# What is expected
An exact copy of the records is required, minus the pictures they hold.

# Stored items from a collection

=== Begin Enclosure ===

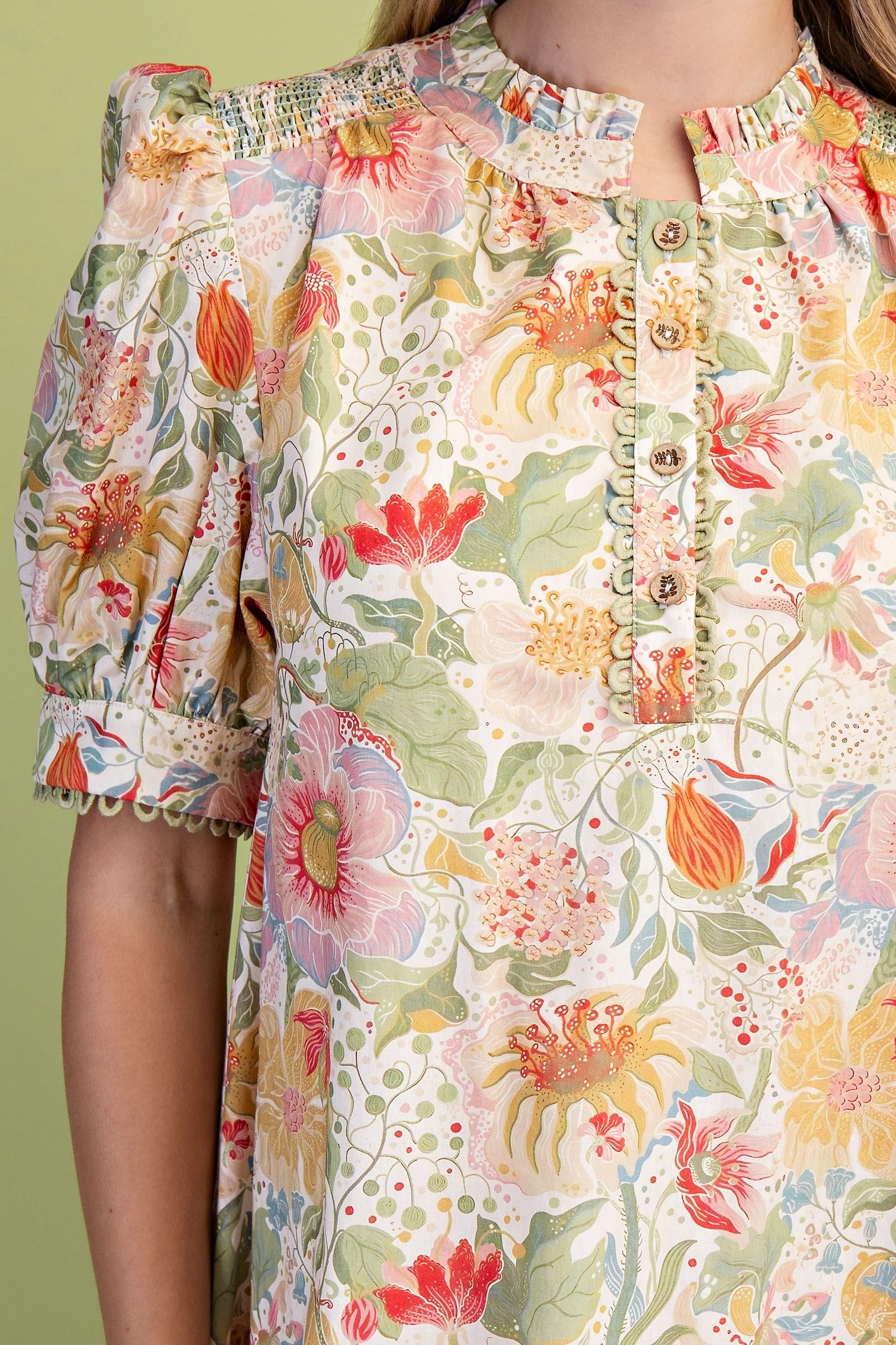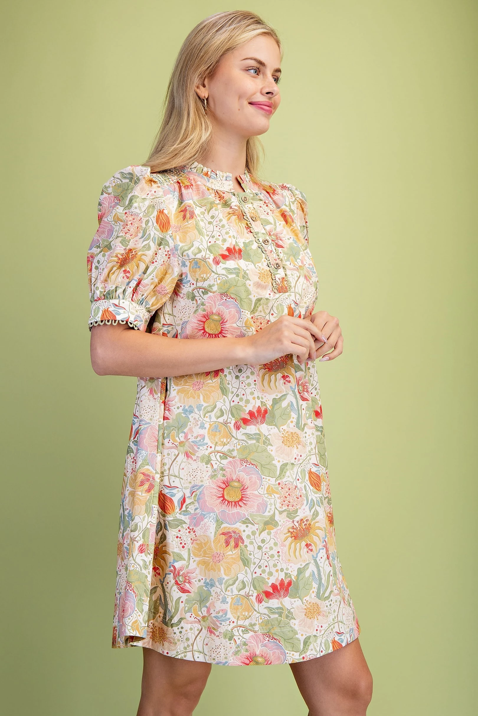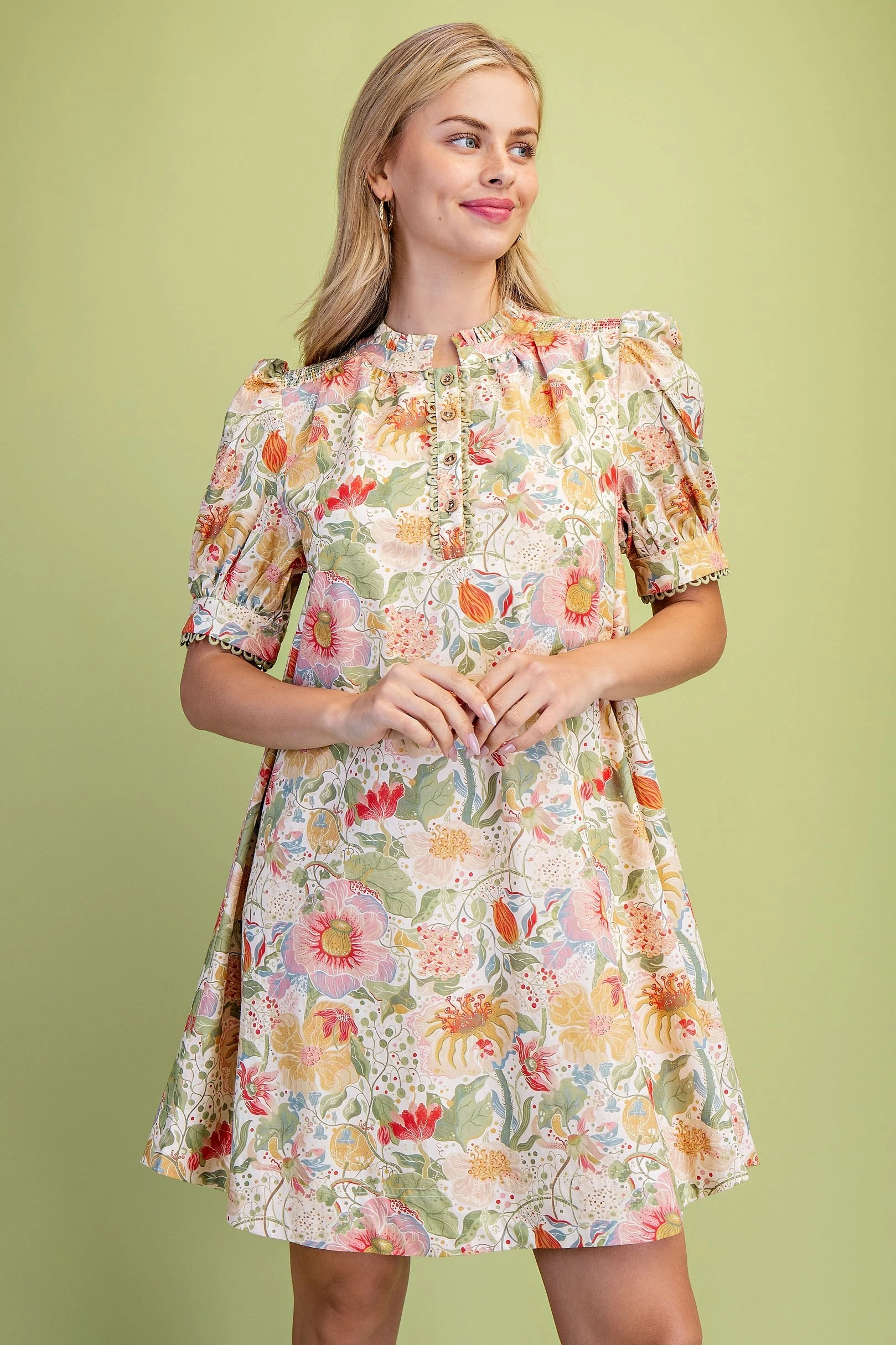 Muted Botanic Print Puff Sleeve Dress with Trim and Smocking Details. The Dress is Lined
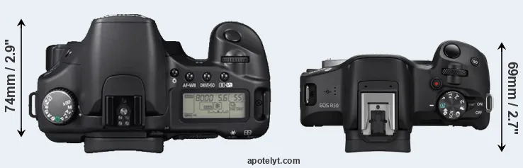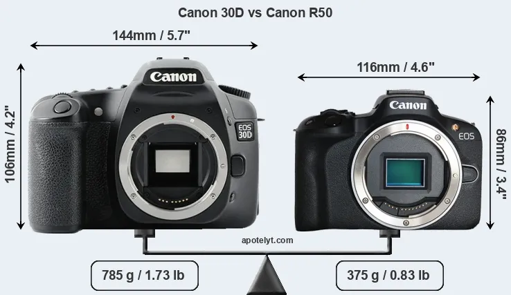 The side-by-side display below illustrates the physical size and weight of the Canon 30D and the Canon R50. The two cameras are presented according to their relative size. Three consecutive views from the front, the top, and the rear side are shown. All width, height and depth measures are rounded to the nearest millimeter.
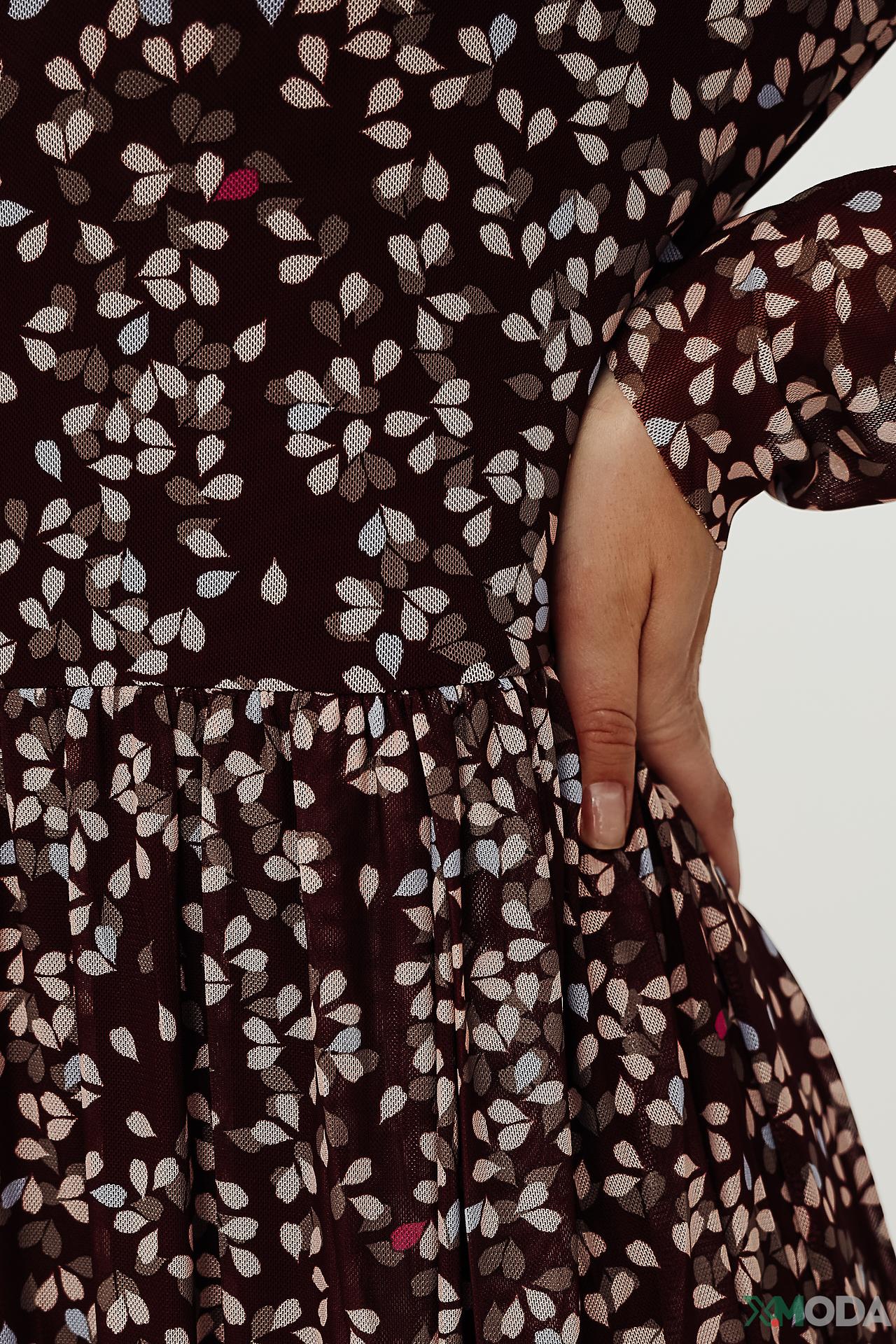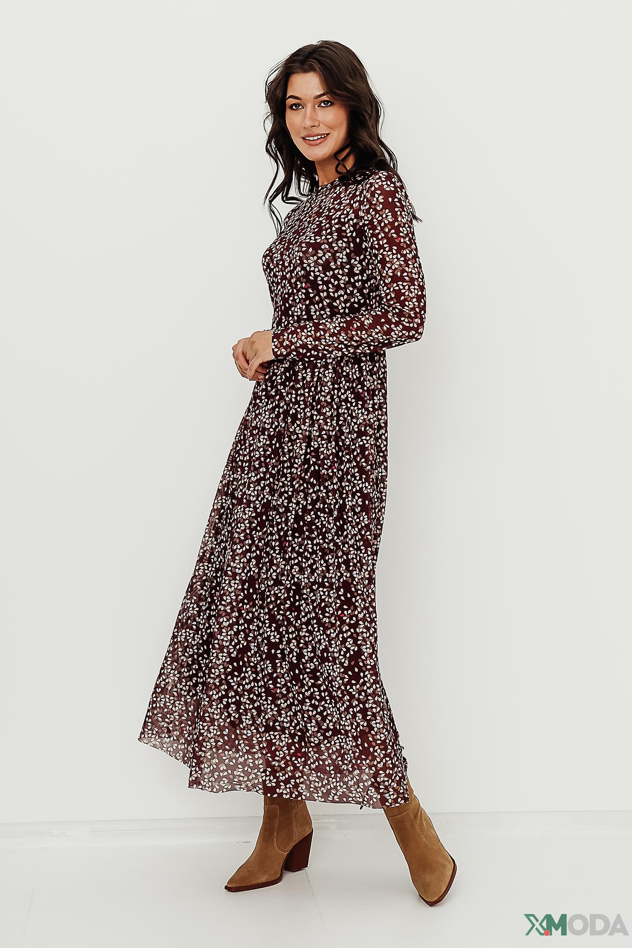 - Элегантный дизайн: Платье украшено нежным цветочным принтом, который придает образу легкость и романтичность. Прозрачные длинные рукава добавляют воздушности и стиля.
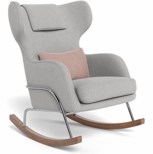 Monte Design Grand Jackson Rocker - Chrome / Performance Weave Cloud Grey Fabric / Brushed Cotton-Linen Blush Pillow
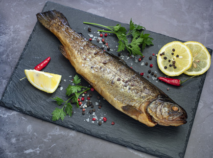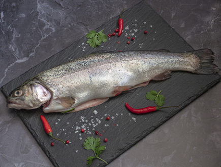 Salmon trout range from the Barents Sea to northern Spain, but isolated populations also exist in the Mediterranean. A migratory fish that migrates to rivers to spawn. Most of the salmon trout offered on the market come from Scandinavian farms. The colour of its meat is very similar to its close relative, salmon, but according to many, it is tastier. As far as kitchen technology is concerned, it can be baked whole in the oven or steamed, but it can also be used in all the recipes that have already been well-proven with salmon.
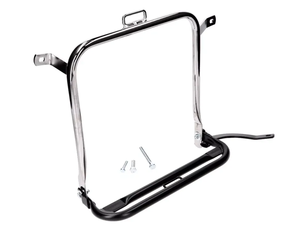 Verchromter Gepäckträger aus Metall für die rechte Seite (in Fahrtrichtung) passend für Simson Moped / Mokick S50, S51, S70.
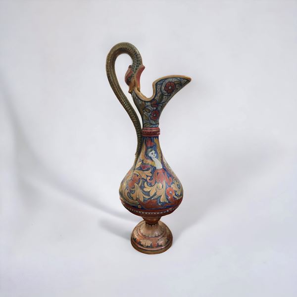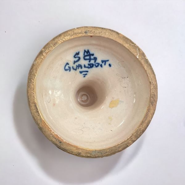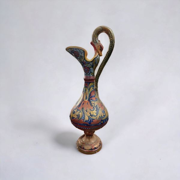 In maiolica policroma a lustro firmata alla base Gualdo Tadino. Restauro all'ansa di uno dei due vasi.
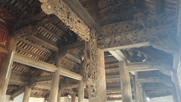 Cột đình được làm bằng gỗ lim và chò chỉ, đường kính lớn, đều nhau. Rải đều trên 2 mái bằng gỗ lim tròn còn có 26 đường hoành và 42 đường xà, các đường chân thủy bao quanh. Các hoa văn trong đình được chạm khắc rất công phu, có độ tinh xảo cao như: bát tiên, cưỡi hạc, đánh cờ, đua thuyền, tứ linh, tứ quý, đại bàng đối xứng từng gian, rồng ổ… thể hiện quan điểm triết lý nhân sinh thấm đẫm tinh thần nhân văn của dân tộc và phản ánh nghệ thuật chạm khắc đã đạt đến trình độ bậc thầy.

=== End Enclosure ===

# Result
 Muted Botanic Print Puff Sleeve Dress with Trim and Smocking Details. The Dress is Lined
 The side-by-side display below illustrates the physical size and weight of the Canon 30D and the Canon R50. The two cameras are presented according to their relative size. Three consecutive views from the front, the top, and the rear side are shown. All width, height and depth measures are rounded to the nearest millimeter.
 - Элегантный дизайн: Платье украшено нежным цветочным принтом, который придает образу легкость и романтичность. Прозрачные длинные рукава добавляют воздушности и стиля.
 Monte Design Grand Jackson Rocker - Chrome / Performance Weave Cloud Grey Fabric / Brushed Cotton-Linen Blush Pillow
 Salmon trout range from the Barents Sea to northern Spain, but isolated populations also exist in the Mediterranean. A migratory fish that migrates to rivers to spawn. Most of the salmon trout offered on the market come from Scandinavian farms. The colour of its meat is very similar to its close relative, salmon, but according to many, it is tastier. As far as kitchen technology is concerned, it can be baked whole in the oven or steamed, but it can also be used in all the recipes that have already been well-proven with salmon.
 Verchromter Gepäckträger aus Metall für die rechte Seite (in Fahrtrichtung) passend für Simson Moped / Mokick S50, S51, S70.
 In maiolica policroma a lustro firmata alla base Gualdo Tadino. Restauro all'ansa di uno dei due vasi.
 Cột đình được làm bằng gỗ lim và chò chỉ, đường kính lớn, đều nhau. Rải đều trên 2 mái bằng gỗ lim tròn còn có 26 đường hoành và 42 đường xà, các đường chân thủy bao quanh. Các hoa văn trong đình được chạm khắc rất công phu, có độ tinh xảo cao như: bát tiên, cưỡi hạc, đánh cờ, đua thuyền, tứ linh, tứ quý, đại bàng đối xứng từng gian, rồng ổ… thể hiện quan điểm triết lý nhân sinh thấm đẫm tinh thần nhân văn của dân tộc và phản ánh nghệ thuật chạm khắc đã đạt đến trình độ bậc thầy.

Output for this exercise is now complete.